P-22 Memorial: Thousands Gathered To Remember LA’s Famous Mountain Lion
The celebrity mountain lion of Griffith Park, P-22, was remembered in a grand celebration at the Greek Theatre on Saturday.
Free tickets for the P-22 Celebration were booked up well in advance. Thousands gathered on a bright afternoon to see musical performances, dances and speeches in tribute to P-22.
When P-22 was euthanized in December, Los Angeles showed an outpouring of grief and love for the lonely cat and all he represented. That was reflected in Saturday's memorial, which had been scheduled to last two hours but stretched to nearly three and a half hours.

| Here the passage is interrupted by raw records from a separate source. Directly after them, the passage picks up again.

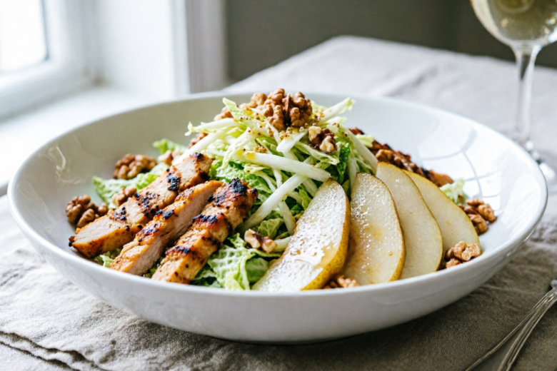 Если хочется подать на праздник что-то лёгкое, яркое и небанальное, этот салат станет настоящим спасением. Необычное сочетание копченой курицы, сладкой груши и орехов делает блюдо сочным, свежим и очень нарядным без тяжелого майонеза.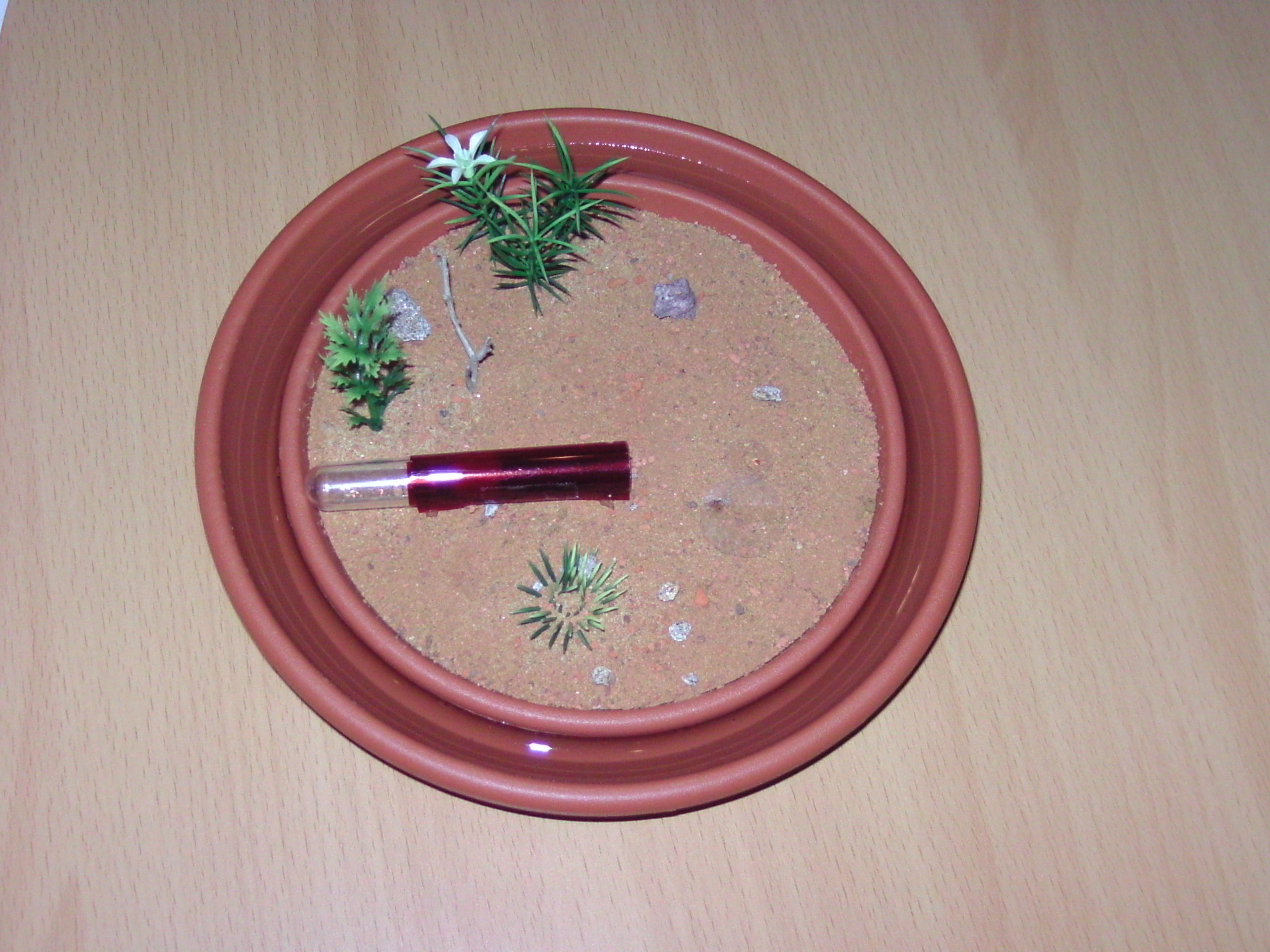 3. Gestalten (In meinem Fall mit Plastikpflanzen von Antstore und Steinchen)
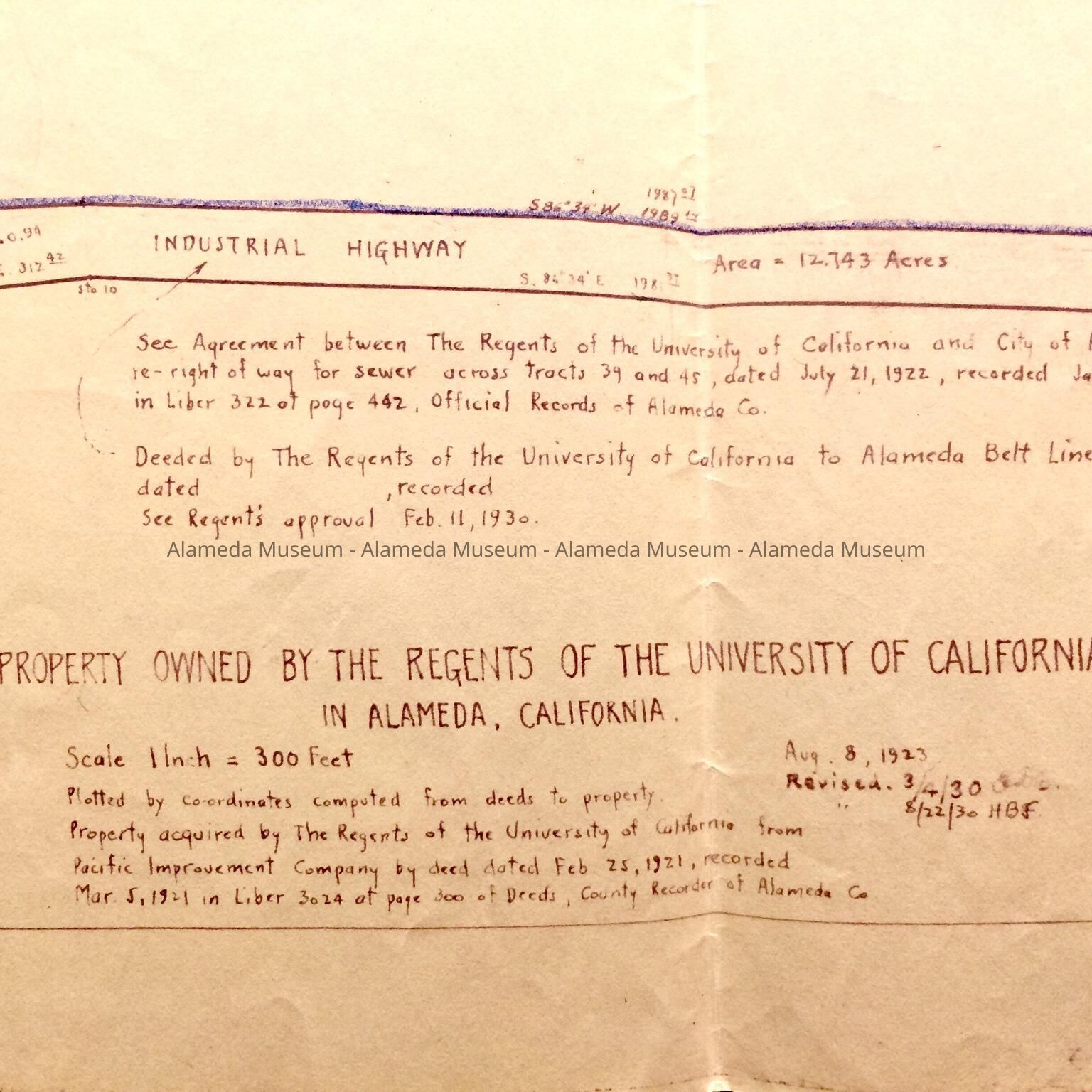 DESCRIPTION: A MAP WITH BOLD-PRINTED CAPTION, "PROPERTY OWNED BY THE REGENTS OF THE UNIVERSITY OF CALIFORNIA, ALAMEDA, CALIFORNIA."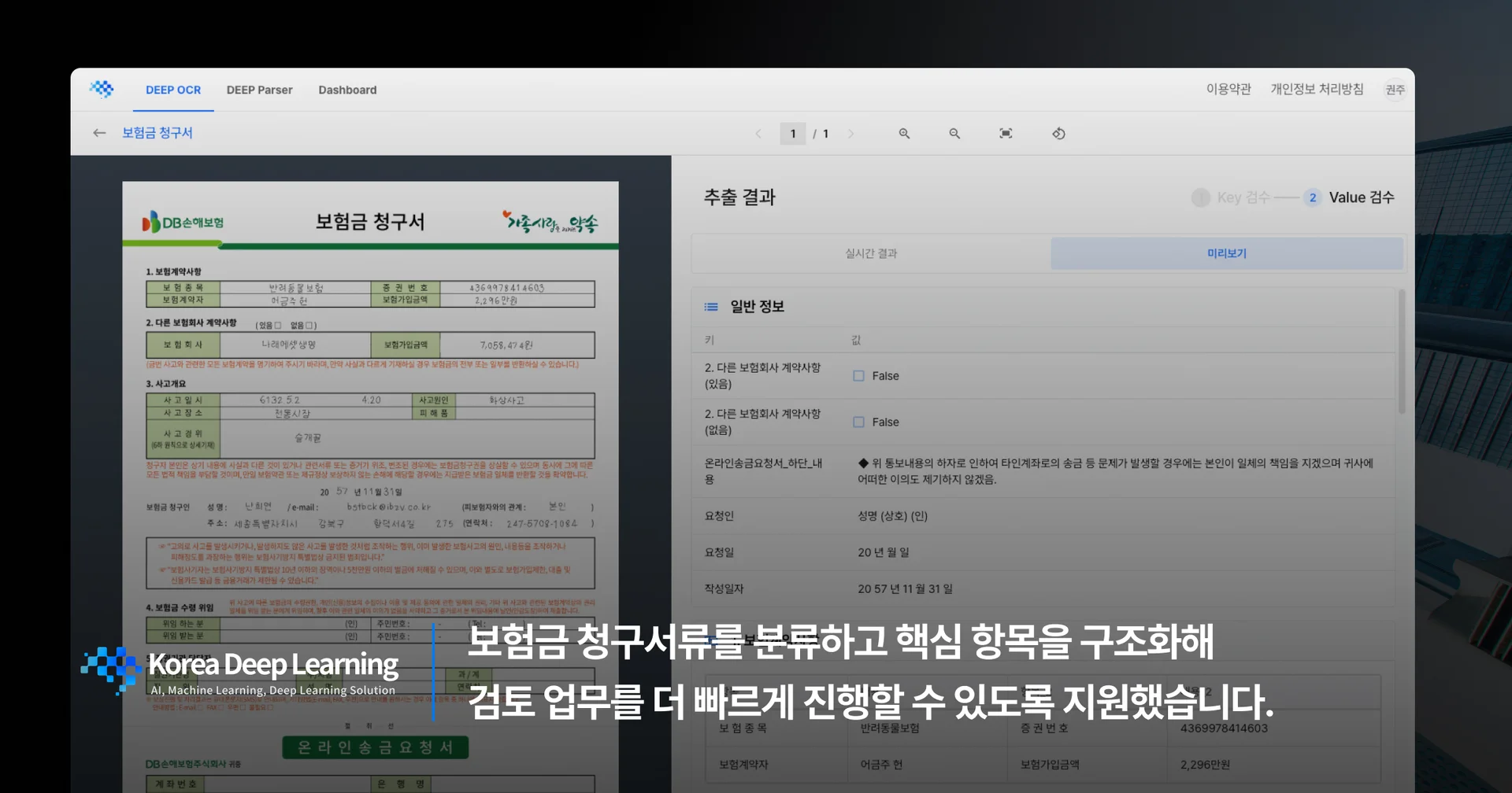 이를 개선하기 위해 B보험사는 단순 OCR 추가가 아니라, DEEP Agent를 통해 문서를 먼저 분류하고 핵심 항목을 구조화한 뒤, 문서 간 비교가 필요한 값을 한 화면에서 검토할 수 있게 하는 방식으로 접근했습니다. 또한 불일치 항목이나 신뢰도가 낮은 항목만 사람이 우선 확인하도록 검토 흐름을 바꿨습니다.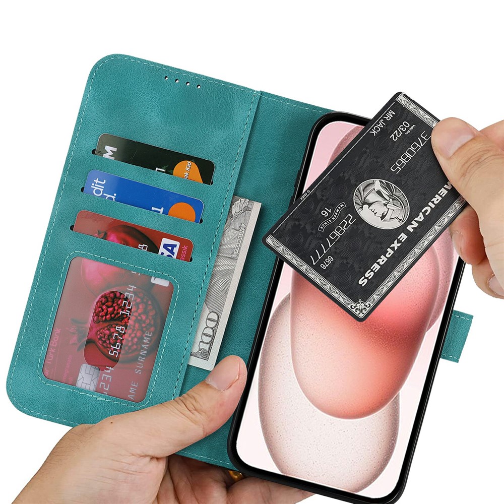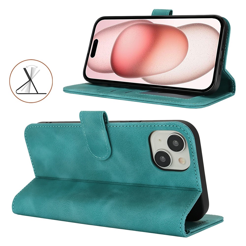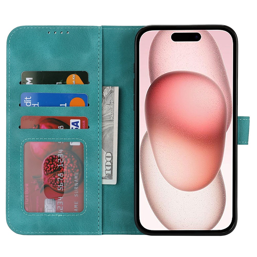 For iPhone 15 Wallet Case Double Folded Edge Skin Touch PU Leather Flip Phone Cover - Mint Green

National Wildlife Federation California Regional Executive Director Beth Pratt, who has been P-22’s spokesperson for a decade, was emcee for the celebration.
“There's going be some really emotional moments where you're gonna see 6,000 people at the Greek Theatre, all in tears passing Kleenex around but largely focused on celebrating that we got to spend time on the planet with this remarkable animal,” she said prior to the event.
The memorial program featured musical performances, a section on how to honor the legacy of P-22, speeches from those who had connections to the mountain lion, and some special surprise guests, including DJ and music producer Diplo.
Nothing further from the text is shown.